Records excerpted from a collection
★ ★ ★ ★ ★ ★ ★
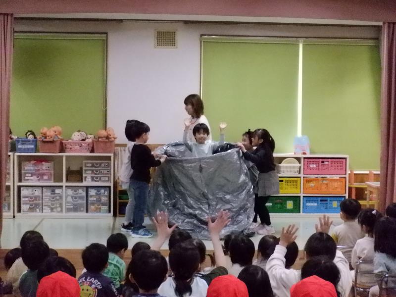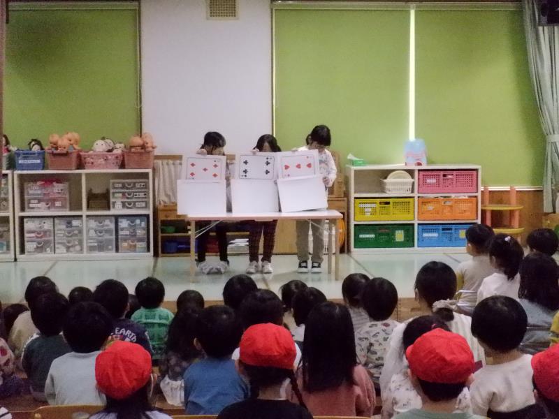 トランプの色が消えるマジックや、人が消えるマジックに、ビックリしたり笑ったり♬楽しい発表でした☺
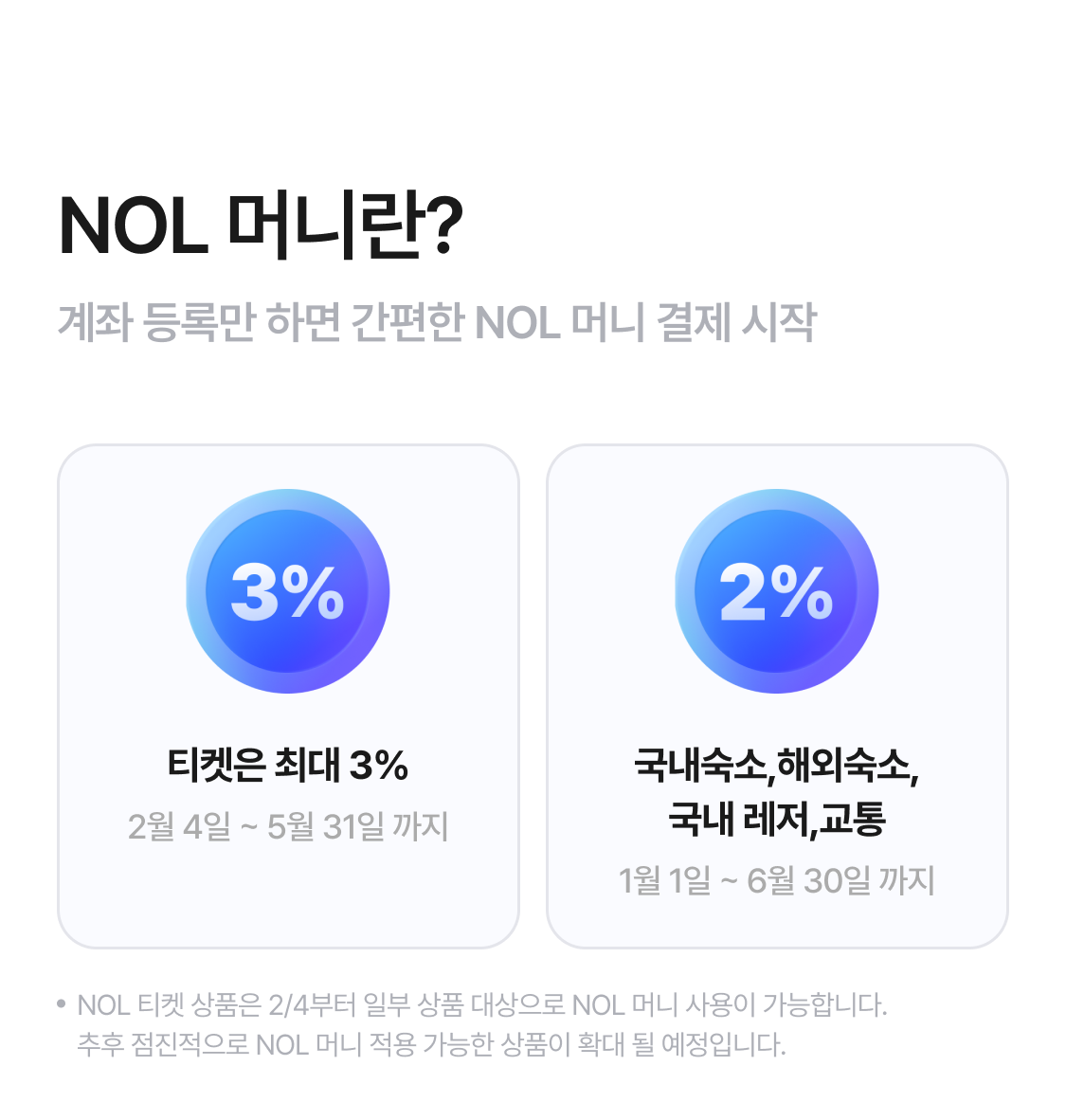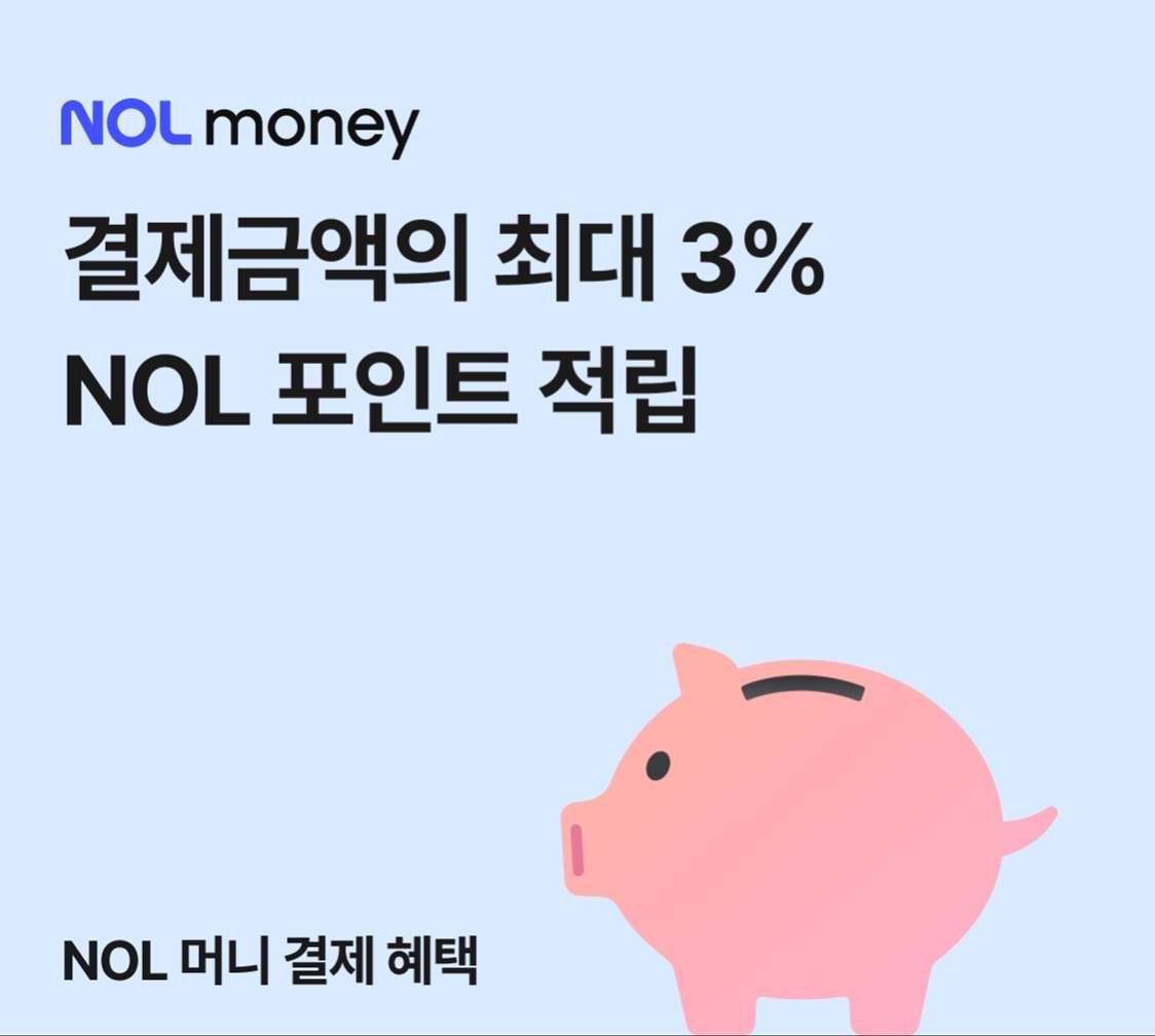 - NOL 티켓 상품은 2/4부터 일부 상품 대상으로 NOL 머니 사용이 가능합니다. 추후 점진적으로 NOL 머니 적용 가능한 상품이 확대 될 예정입니다.
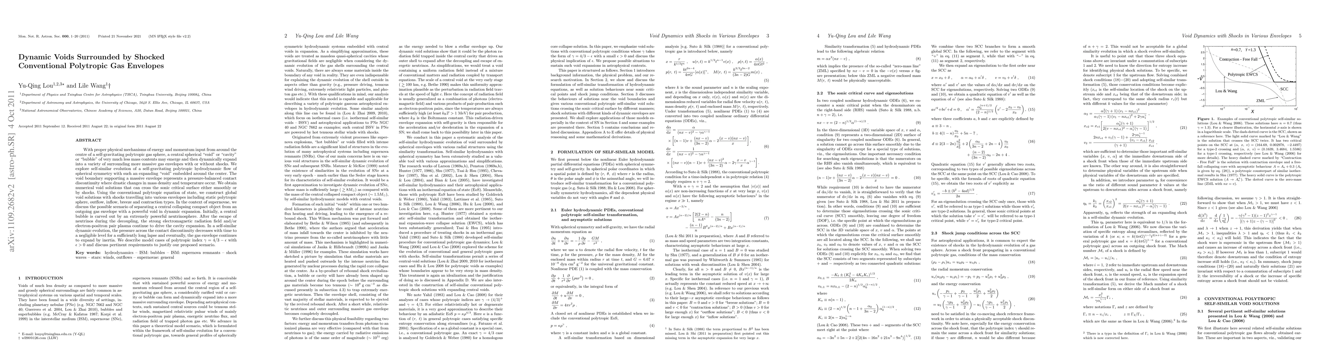 With proper physical mechanisms of energy and momentum input from around the centre of a self-gravitating polytropic gas sphere, a central spherical "void" or "cavity" or "bubble" of very much less mass contents may emerge and then dynamically expand into a variety of surrounding more massive gas envelopes with or without shocks. We explore self-similar evolution of a self-gravitating polytropic hydrodynamic flow of spherical symmetry with such an expanding "void" embedded around the center. The void boundary supporting a massive envelope represents a pressure-balanced contact discontinuity where drastic changes in mass density and temperature occur. We obtain numerical void solutions that can cross the sonic critical surface either smoothly or by shocks. Using the conventional polytropic equation of state, we construct global void solutions with shocks travelling into various envelopes including static polytropic sphere, outflow, inflow, breeze and contraction types. In the context of supernovae, we discuss the possible scenario of separating a central collapsing compact object from an outgoing gas envelope with a powerful void in dynamic expansion. Initially, a central bubble is carved out by an extremely powerful neutrinosphere. After the escape of neutrinos during the decoupling, the strong electromagnetic radiation field and/or electron-positron pair plasma continue to drive the cavity expansion. In a self-similar dynamic evolution, the pressure across the contact discontinuity decreases with time to a negligible level for a sufficiently long lapse and eventually, the gas envelope continues to expand by inertia. We describe model cases of polytropic index $\gamma=4/3-\epsilon$ with $\epsilon>0$ and discuss pertinent requirements to justify our proposed scenario.
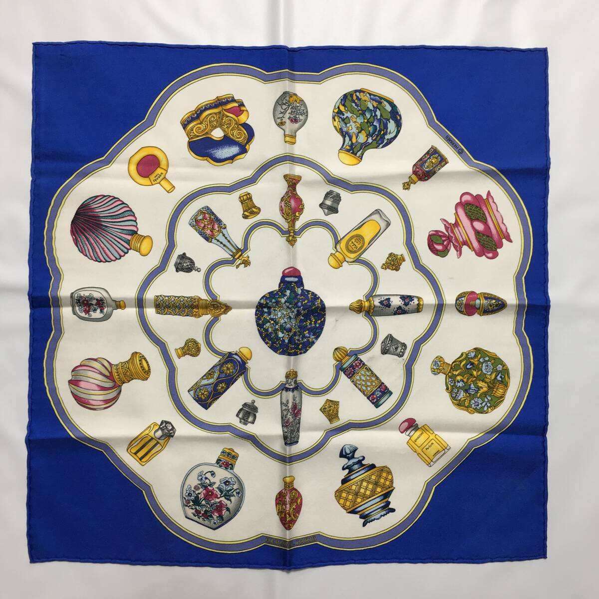 - 74B92|美品|エルメス プチカレ スカーフ シルク ブルー マルチカラー
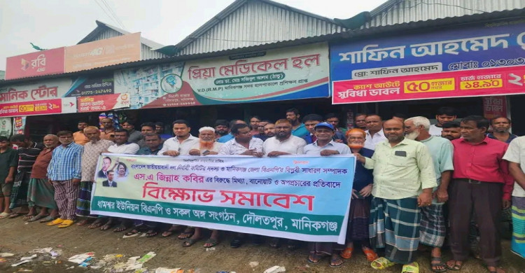 মানিকগঞ্জে বিএনপি নেতার বিরুদ্ধে অপপ্রচার, প্রতিবাদে বিক্ষোভ সমাবেশ
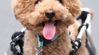 今日の写真みたら、すごく笑ってました。 毎日願うこと。 奇跡よ起これ。 . . #トイプードル#車椅子犬#wheelch...
★ ★ ★ ★ ★ ★ ★
• EXERCISE OBJECTIVE: The records above are to be repeated exactly, with every picture removed from the copy.

• COMPLETED TASK:
 トランプの色が消えるマジックや、人が消えるマジックに、ビックリしたり笑ったり♬楽しい発表でした☺
 - NOL 티켓 상품은 2/4부터 일부 상품 대상으로 NOL 머니 사용이 가능합니다. 추후 점진적으로 NOL 머니 적용 가능한 상품이 확대 될 예정입니다.
 With proper physical mechanisms of energy and momentum input from around the centre of a self-gravitating polytropic gas sphere, a central spherical "void" or "cavity" or "bubble" of very much less mass contents may emerge and then dynamically expand into a variety of surrounding more massive gas envelopes with or without shocks. We explore self-similar evolution of a self-gravitating polytropic hydrodynamic flow of spherical symmetry with such an expanding "void" embedded around the center. The void boundary supporting a massive envelope represents a pressure-balanced contact discontinuity where drastic changes in mass density and temperature occur. We obtain numerical void solutions that can cross the sonic critical surface either smoothly or by shocks. Using the conventional polytropic equation of state, we construct global void solutions with shocks travelling into various envelopes including static polytropic sphere, outflow, inflow, breeze and contraction types. In the context of supernovae, we discuss the possible scenario of separating a central collapsing compact object from an outgoing gas envelope with a powerful void in dynamic expansion. Initially, a central bubble is carved out by an extremely powerful neutrinosphere. After the escape of neutrinos during the decoupling, the strong electromagnetic radiation field and/or electron-positron pair plasma continue to drive the cavity expansion. In a self-similar dynamic evolution, the pressure across the contact discontinuity decreases with time to a negligible level for a sufficiently long lapse and eventually, the gas envelope continues to expand by inertia. We describe model cases of polytropic index $\gamma=4/3-\epsilon$ with $\epsilon>0$ and discuss pertinent requirements to justify our proposed scenario.
 - 74B92|美品|エルメス プチカレ スカーフ シルク ブルー マルチカラー
 মানিকগঞ্জে বিএনপি নেতার বিরুদ্ধে অপপ্রচার, প্রতিবাদে বিক্ষোভ সমাবেশ
 今日の写真みたら、すごく笑ってました。 毎日願うこと。 奇跡よ起これ。 . . #トイプードル#車椅子犬#wheelch...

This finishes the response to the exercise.